Photo: Courtesy Image
Last year filmmaker Justin Simien spoke to Out magazine about his debut feature film, Dear White People, previous to its theatrical release, explaining:
“I really wanted to talk about the black gay experience,” Simien says. “There is an image of the black man that is pervasive in the black community, and if you’re gay and you know you can’t ever live up to that standard, there’s an anxiety about being comfortable around other black people. It’s not always a result of actual prejudice, but it’s an anxiety that the black gay guy has that I think is unique.”
On Saturday the gay writer-director won Best First Screenplay at the Independent Spirit Awards and, other than being in awe and basking in the presence of Oprah, 31-year-old Simien also gave a short, yet moving, speech that reiterated that idea of creating the stories that you need to see.
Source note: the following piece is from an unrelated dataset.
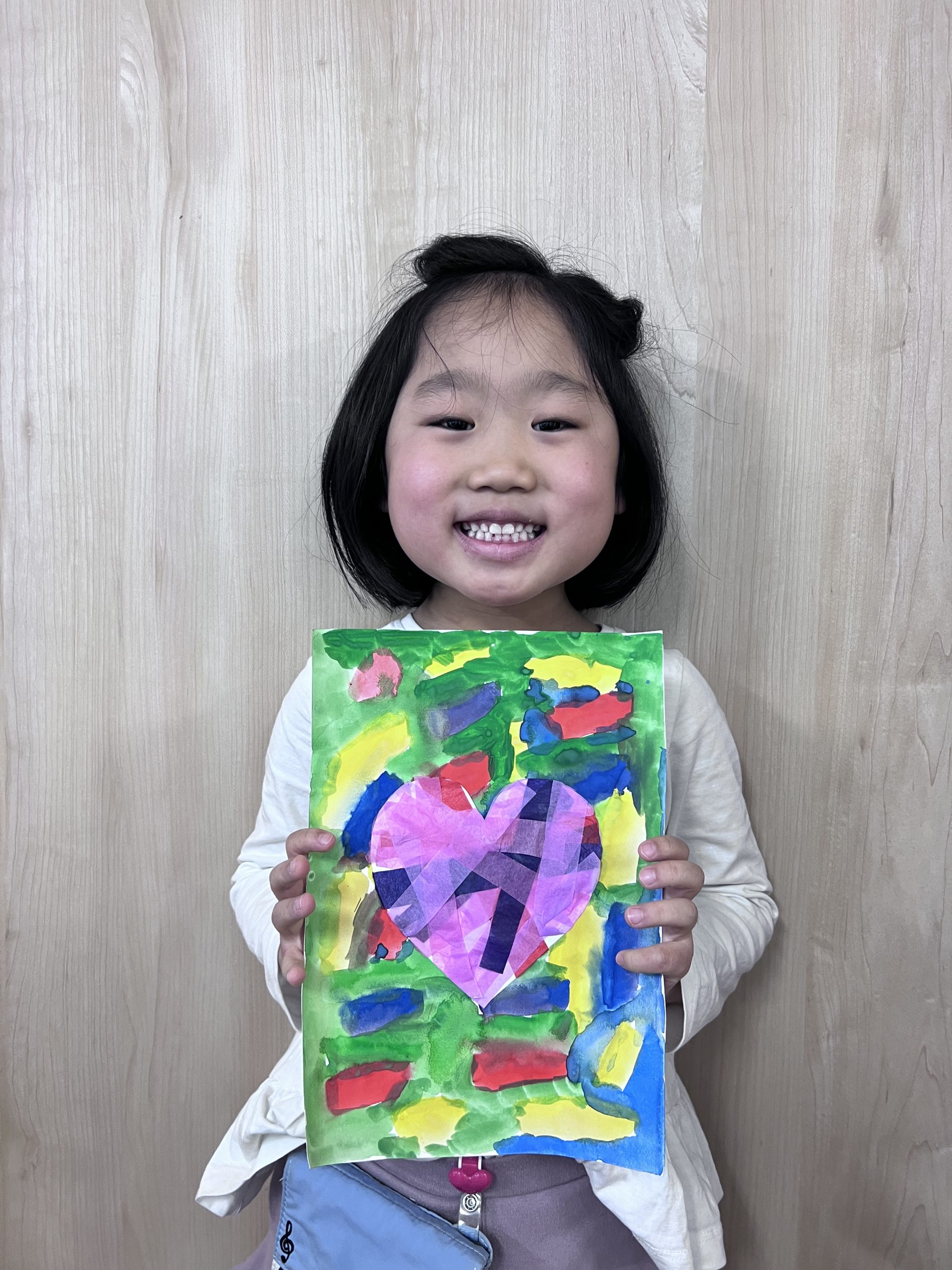 The final step was to glue the heart in the middle of the painting. Such beautiful 2-D Valentine collages! Great job Milkyway!

"I started writing this movie some 10 years ago as an impulse because I didn't really [see] my story out there in the culture. I didn't see myself reflected back at me in the films that I loved or the stories that resonated for me. So I tried to put myself in the culture. That can be difficult when, along the way, there's really nothing there to tell you that you belong there. This means so much to me, because it means I do belong in the culture. I'm very grateful. And if you have a story, and if you don't see yourself in the culture, please put yourself there, because we need you. We need to see the world from your eyes."
The awards ceremony is held the day before the Academy Awards, and it honors independent films and filmmakers. Birdman, Citizenfour, J.K. Simmons, Julianne Moore, and Patricia Arquette were among the honorees on Saturday (and all of them would also win Oscars the following day).